● **Exercise aim**
Would you please copy only the lines from the line that contains "学校高度重视该赛事,将其作为" to the end of the data below, exactly, leaving every picture out?

Dataset items:

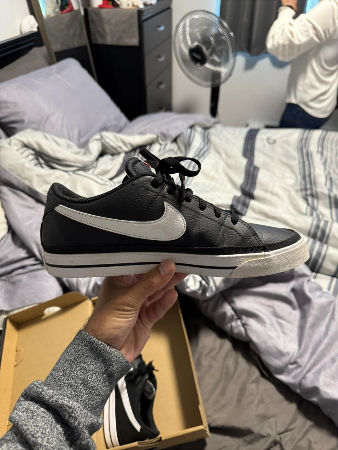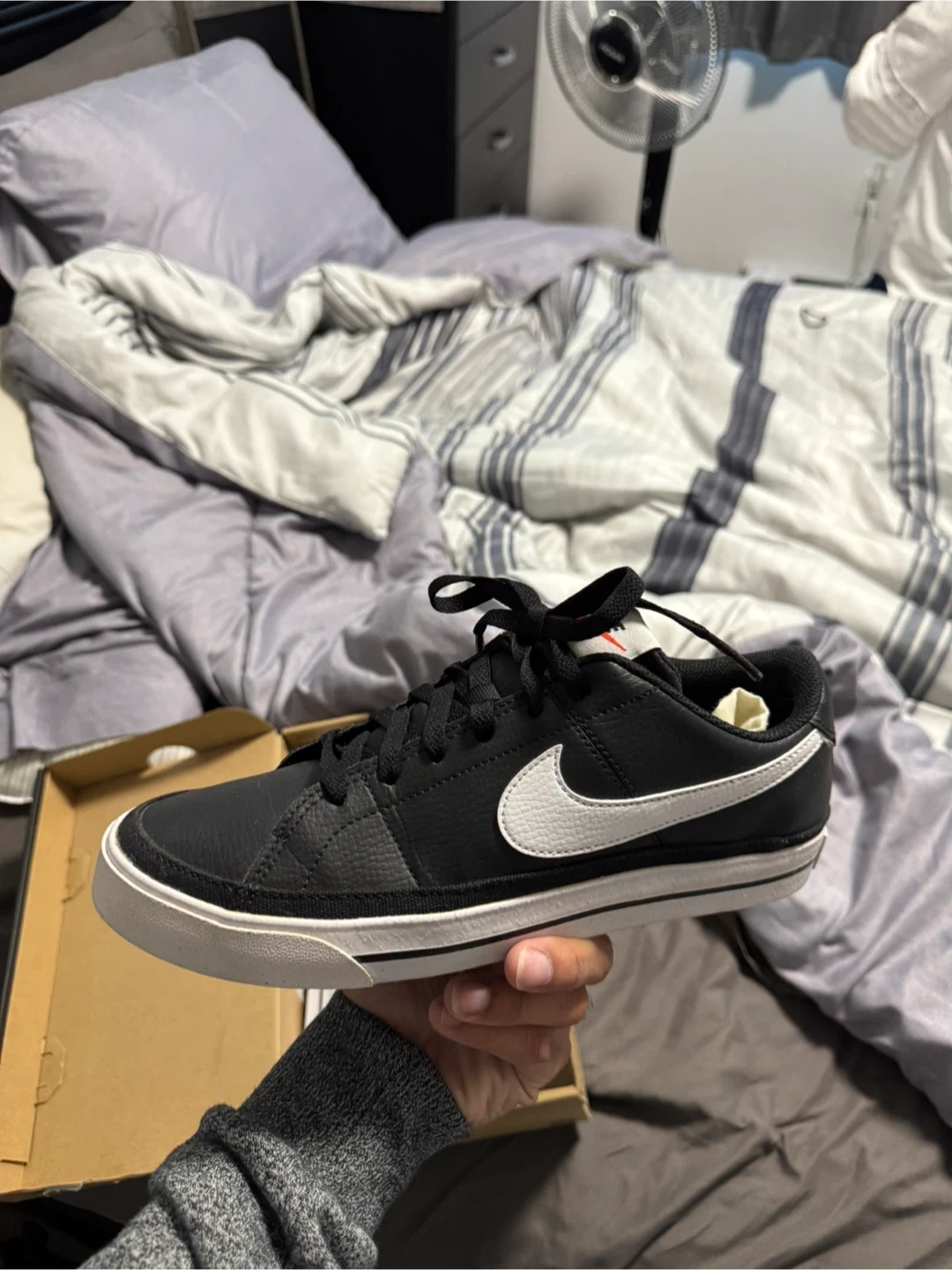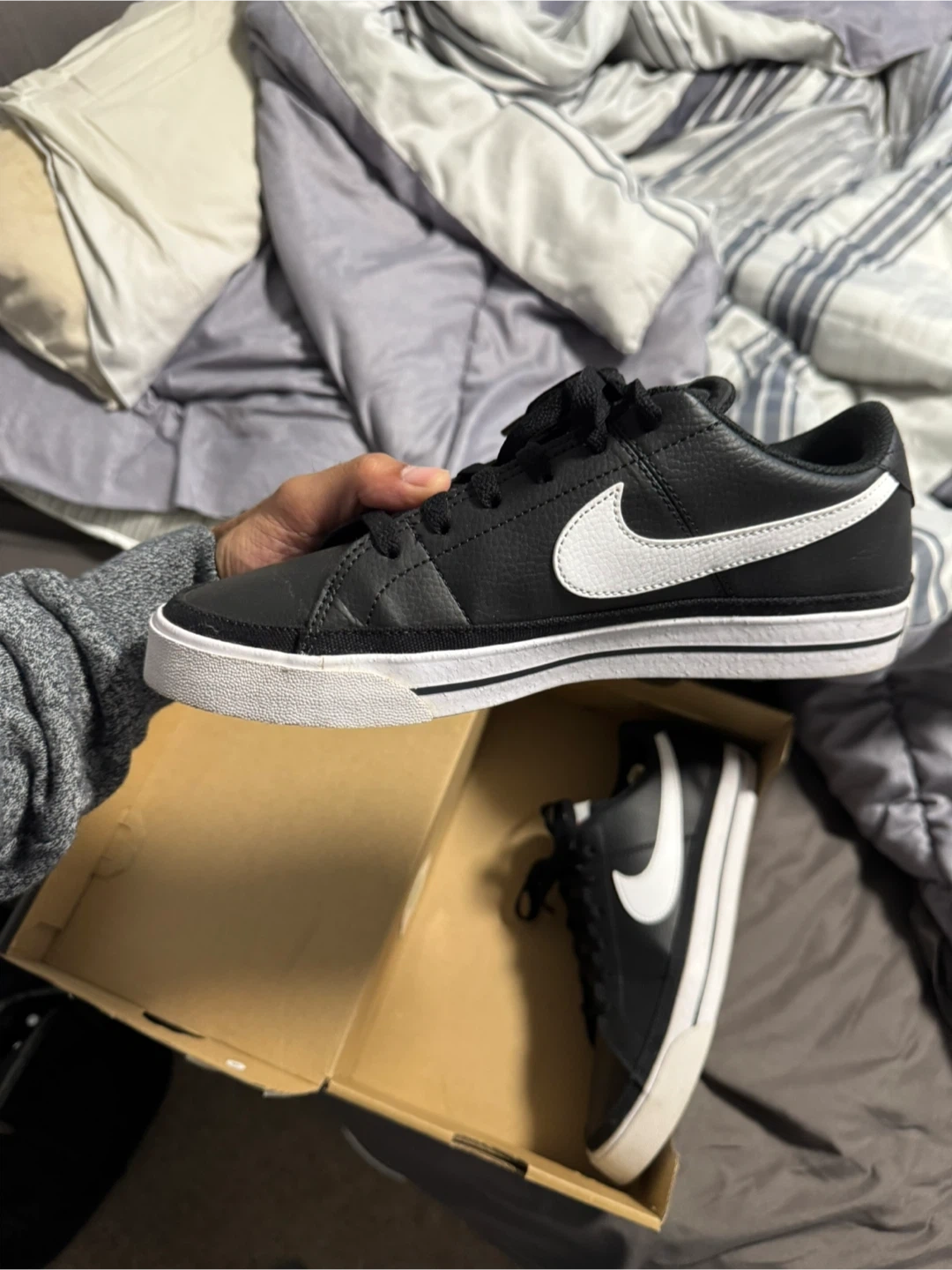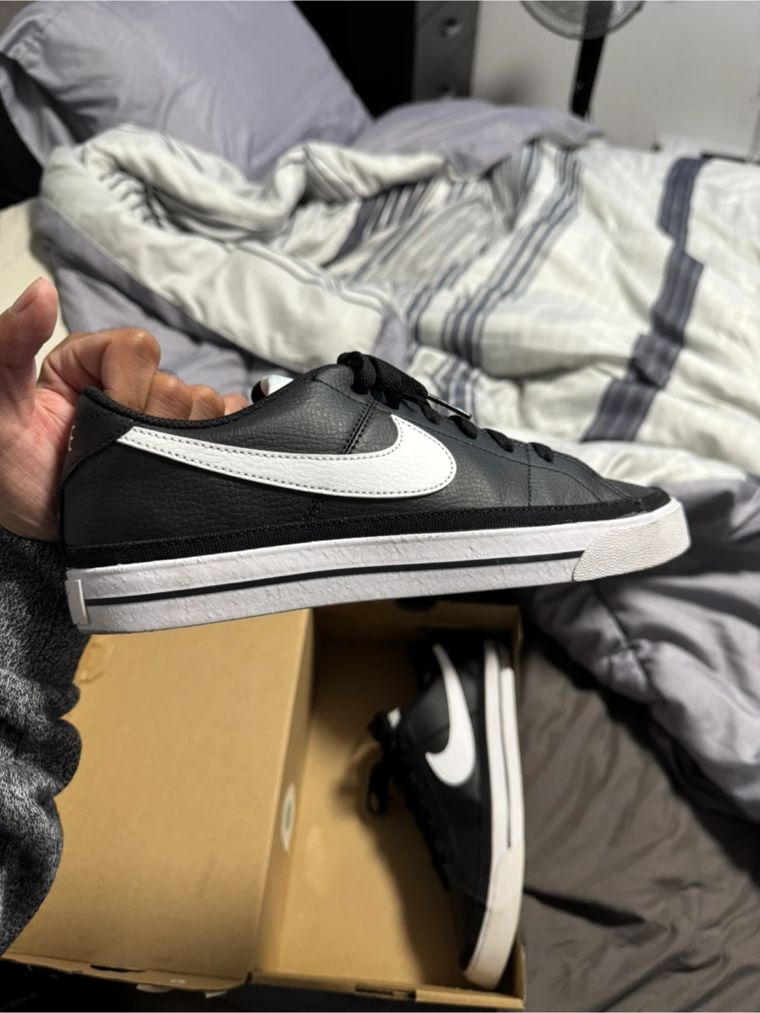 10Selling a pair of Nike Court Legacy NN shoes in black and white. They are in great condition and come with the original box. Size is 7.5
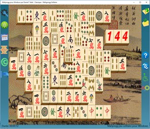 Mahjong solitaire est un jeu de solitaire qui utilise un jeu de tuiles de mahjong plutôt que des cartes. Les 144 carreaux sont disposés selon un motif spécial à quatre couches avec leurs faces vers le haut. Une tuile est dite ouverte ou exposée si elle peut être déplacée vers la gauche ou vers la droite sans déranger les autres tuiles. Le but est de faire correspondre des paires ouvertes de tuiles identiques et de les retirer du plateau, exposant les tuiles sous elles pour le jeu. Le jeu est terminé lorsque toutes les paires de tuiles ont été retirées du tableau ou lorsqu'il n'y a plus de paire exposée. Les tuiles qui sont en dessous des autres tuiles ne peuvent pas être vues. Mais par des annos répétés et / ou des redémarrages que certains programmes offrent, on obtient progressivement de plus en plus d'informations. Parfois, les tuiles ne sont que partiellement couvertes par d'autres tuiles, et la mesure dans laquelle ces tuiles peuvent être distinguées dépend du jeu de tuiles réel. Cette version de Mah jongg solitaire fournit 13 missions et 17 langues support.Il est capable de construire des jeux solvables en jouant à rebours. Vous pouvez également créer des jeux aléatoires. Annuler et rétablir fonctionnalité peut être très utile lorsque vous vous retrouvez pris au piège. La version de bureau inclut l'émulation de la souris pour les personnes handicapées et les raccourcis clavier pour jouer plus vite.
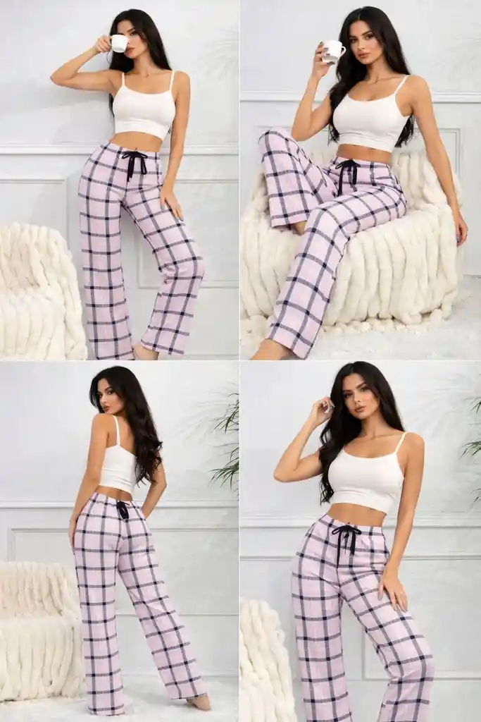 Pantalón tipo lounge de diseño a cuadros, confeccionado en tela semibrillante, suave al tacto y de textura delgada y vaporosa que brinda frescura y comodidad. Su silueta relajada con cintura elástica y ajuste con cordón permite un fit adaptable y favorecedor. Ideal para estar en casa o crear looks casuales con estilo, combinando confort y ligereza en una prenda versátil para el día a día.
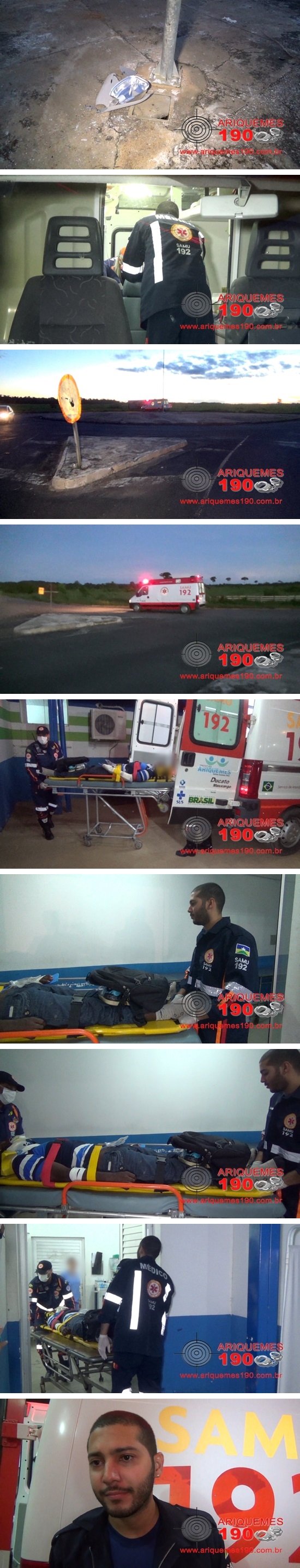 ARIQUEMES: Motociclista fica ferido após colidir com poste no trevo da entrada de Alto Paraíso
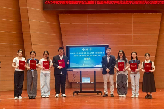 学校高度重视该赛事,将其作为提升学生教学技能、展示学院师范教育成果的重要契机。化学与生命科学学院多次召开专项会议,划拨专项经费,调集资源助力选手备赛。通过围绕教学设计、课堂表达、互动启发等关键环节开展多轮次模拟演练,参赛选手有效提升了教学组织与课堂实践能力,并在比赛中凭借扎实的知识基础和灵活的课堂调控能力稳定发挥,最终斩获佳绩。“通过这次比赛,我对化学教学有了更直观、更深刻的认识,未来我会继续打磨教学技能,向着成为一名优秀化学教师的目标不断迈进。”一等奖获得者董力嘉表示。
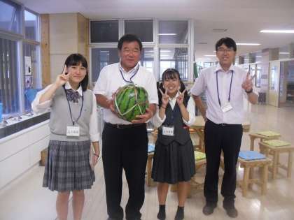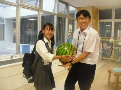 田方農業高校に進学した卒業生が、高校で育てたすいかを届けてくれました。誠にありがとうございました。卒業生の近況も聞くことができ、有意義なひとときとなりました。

● **Answer to this problem**
 学校高度重视该赛事,将其作为提升学生教学技能、展示学院师范教育成果的重要契机。化学与生命科学学院多次召开专项会议,划拨专项经费,调集资源助力选手备赛。通过围绕教学设计、课堂表达、互动启发等关键环节开展多轮次模拟演练,参赛选手有效提升了教学组织与课堂实践能力,并在比赛中凭借扎实的知识基础和灵活的课堂调控能力稳定发挥,最终斩获佳绩。“通过这次比赛,我对化学教学有了更直观、更深刻的认识,未来我会继续打磨教学技能,向着成为一名优秀化学教师的目标不断迈进。”一等奖获得者董力嘉表示。
 田方農業高校に進学した卒業生が、高校で育てたすいかを届けてくれました。誠にありがとうございました。卒業生の近況も聞くことができ、有意義なひとときとなりました。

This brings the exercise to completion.